In my experiment, the training standard loss and training attractor loss are reported as 0.404 / 0.106 at 100 epochs. Are these loss values different from your experimental results?

msh9184 commented 1 year ago

Hi, I have the same question too. In my case, I obtained a DER of 11.48 at 100 epochs. (I used the dscore repository for the DER calculation)

There are my result and the checkpoint at 100 epochs. I trained the EEND-EDA model using a single NVIDIA RTX 3090 gpu on the default settings.

Could there be something I've missed?

fnlandini commented 1 year ago

Hi, Thanks for the kind words and glad it helps.

That is indeed too far from what I would expect. I have not run too many experiments with the simulated mixtures that you are using. I only ran 5 of them to create the "SM-P" blue bar in Figure 1 here https://arxiv.org/pdf/2204.00890.pdf to show as baseline for our approach for generating simulated conversations. Out of those 5 trainings, I only evaluated swb_sre_cv_ns2_beta2_500 (from Hitachi) for one of them and obtained 3.88 DER. Even if I score with collar 0, I get 9.56 DER so it is not that. Unfortunately, I don't have those data anymore and regenerating it is quite some work so I cannot evaluate other models.

However, in terms of training loss, all 5 runs get to the 0.1 to 0.12 ballpark for the BCE ("standard") loss and to 1e-7 to 1e-6 ballpark for the attractor loss as in the picture. So I think all of them would have similar results on that dataset. Are you using the exact same parameters for training and inference as we shared? image

The attractor loss usually gets to virtually 0 so the differences might be related to that?

wngh1187 commented 1 year ago

hello. Thank you for your quick reply.

I had done a batch of 600 for a quick result check.
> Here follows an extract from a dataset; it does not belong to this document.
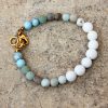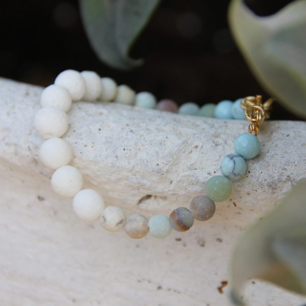 צמיד חרוזי לבה לבנה, חרוזי אמזונייט מתחלפים ותכלת מט.

However, it seems that this was an ineffective choice.

I retrained with the same parameters and was able to get pretty similar results to the trend in the loss graph you showed. However, I still got a result of 18.21% DER at collar 0. In my experiment, I noticed that the standard loss increases for 60-130 steps and then converges again. Is this trend normal?

newplot newplot (1) newplot (2)

fnlandini commented 1 year ago

I don't see that increase in any of my 5 trainings with these data. Does your learning rate look like this? image

It makes sense that when you used a much larger batch you had different results. In this case, the learning rate scheduler reaches the maximum after 100k steps (with batchsize 64) and if you use larger batches, the same amount of steps corresponds to a much later stage in the training. In this learning rate curve you can see that the maximum LR (a bit below 2e-4) is reached after 100k steps which is a bit less than one third of the training. I also tried batchsize 32 with 200k steps in other experiments and the performance I obtained for the final model was similar.

wngh1187 commented 1 year ago

The running rate graph in my experiment is the same. Maybe there's an error somewhere that I haven't found yet. I'll check the whole process again. Once again, thank you very much for your kind response.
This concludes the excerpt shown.